Well Sam, since you’re hell-bent on blaming the Democrats, let me point to Bill Black, “a professor of economics and law at the University of Missouri-Kansas City and an authority on the Savings and Loan debacle of the 1980s.”

Read more here…The GOP Blames the Victim. Capitalism sure is fragile if subprime borrowers can ruin it.

This article

seems to say pressure came from all over for f&f to guarantee risky mortgages
came from all over…not just congress.

Isn’t the largest contributing factor the credit default swaps that were made on top of all the mortgage-backed securities? Aren’t the credit default swaps the fundamental reason that the sub-prime crisis has been turned into a catastrophe?

Without this multi-trillion dollar “shadow market”, 5-6% of mortgages defaulting or in danger of defaulting would not have brought down so many Wall Street giants, and potentially the entire economy.

That’s my understanding based on everything I’ve heard so far, and is also mentioned in thelink Clu-Me-In gives above.

If this is the case, then saying that Freddie and Fannie are the single largest contributing factor to the crisis is laying the blame in the wrong place. I see this as an allergic reaction. Sub-prime mortgages are the ‘peanuts’, and the financial system with its credit default swaps is the ‘body’ that went into a near-deadly anaphylactic shock in response to a non-lethal external factor.

I guess I’m mildly bewildered on two relatively minor points here: how was it Barney Frank’s committee when the Republicans were in the majority, and why did it take 60% of the committee vote to get it out of the committee instead of a simple Republican majority?

Well.
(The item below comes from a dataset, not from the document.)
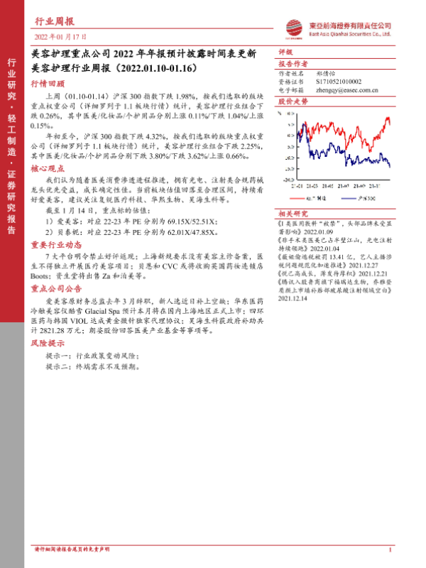 【东亚前海证券】【20220117】美容护理行业周报:美容护理重点公司2022年年报预计披露时间表更新-11页

All along I thought you were the hall monitor.

Sorry, I meant “The committee Frank was a member of”. He’s the head of it now.
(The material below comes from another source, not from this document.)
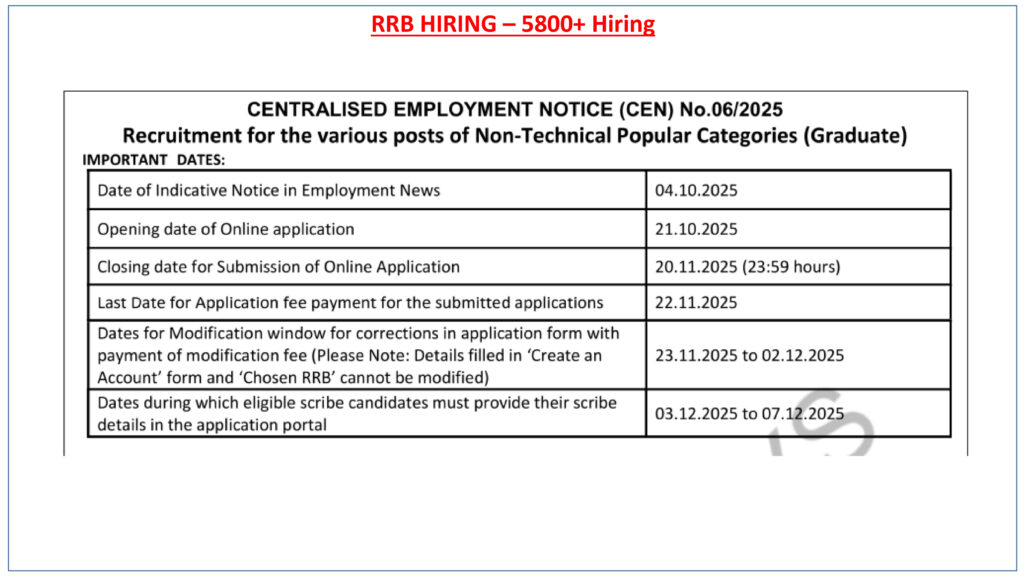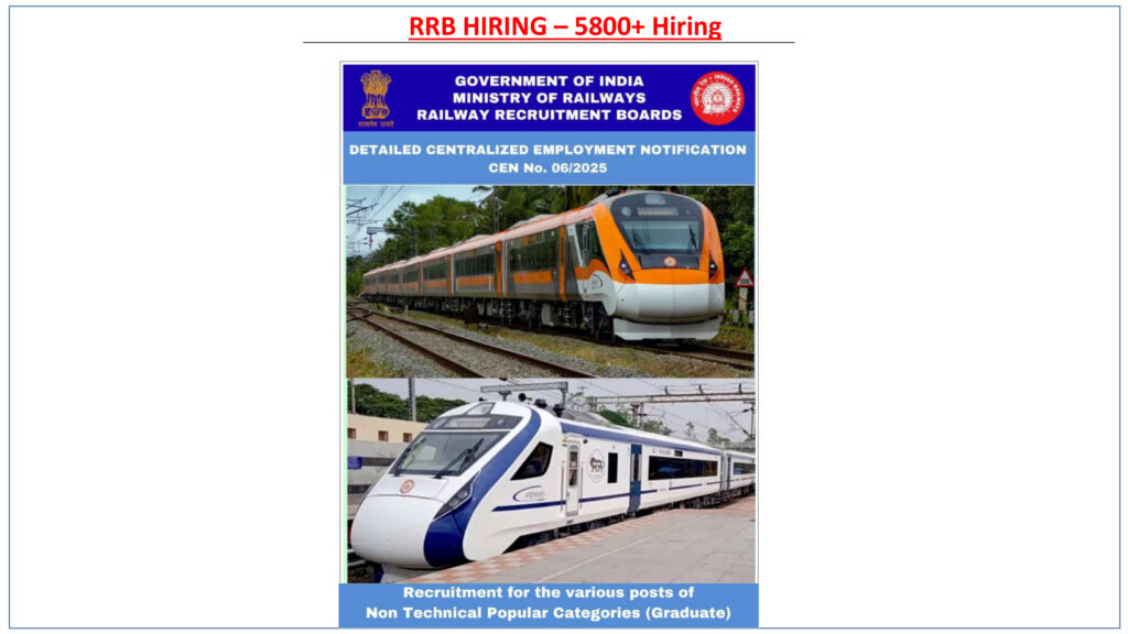 RRB Off Campus Recruitment: The Railway Recruitment Board (RRB) has officially announced the RRB Graduate Level NTPC Notification of Recruitment 2025 (CEN 06/2025) on 20 October 2025 for the 5810 vacancy positions across different Indian Railway zones. Online application for the positions opened the October 21 of 2025, and will be available through November 20 2025.

As for the 60 votes, I already explained that. The Republicans didn’t have a big enough majority to prevent a filibuster, and the straight party-line vote against from the Democrats in committee was a signal that they would vote as a bloc in opposition and perhaps even filibuster. That’s where the 60% comes from - the number required to stop a filibuster. As house leader, you’re not supposed to put a bill of yours on the floor unless you believe it will win. Republians just couldn’t get the support needed from enough Democrats to take the bill to the floor for a vote.

It did pass out of committee, however. Just as severely damaged goods.
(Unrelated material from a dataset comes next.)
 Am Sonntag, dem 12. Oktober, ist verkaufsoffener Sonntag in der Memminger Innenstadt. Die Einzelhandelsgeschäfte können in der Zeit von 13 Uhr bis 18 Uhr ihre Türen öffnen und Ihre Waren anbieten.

The amount of Fannie Mae’s exposure in late 2007 to what it defines as “sub-prime” mortgages is not necessarily the same thing as the total amount of subprime mortgages bought by both Fannie and Freddie over the last few years. In other words, you are comparing apples and oranges

I linked to that document primarily to show you were incorrect to the extent you claim that Fannie and Freddie did not take part in the subprime mortgage market.

That document would not appear competent to show the total amount of subprime mortgages purchased by Fannie and Freddie in recent years for the following reasons:

  1. It does NOT include loans purchased or guaranteed by Freddie Mac.

  2. Its definition of “sub-prime” is not clear and is in any even different from the definition used by the source for the article you link.

  3. It purports to show “exposure,” which is not necessarily the same thing as total loans purchased in recent years.

  4. It was prepared by an entity with an interest in minimizing its appearance of exposure to sub-prime mortgages.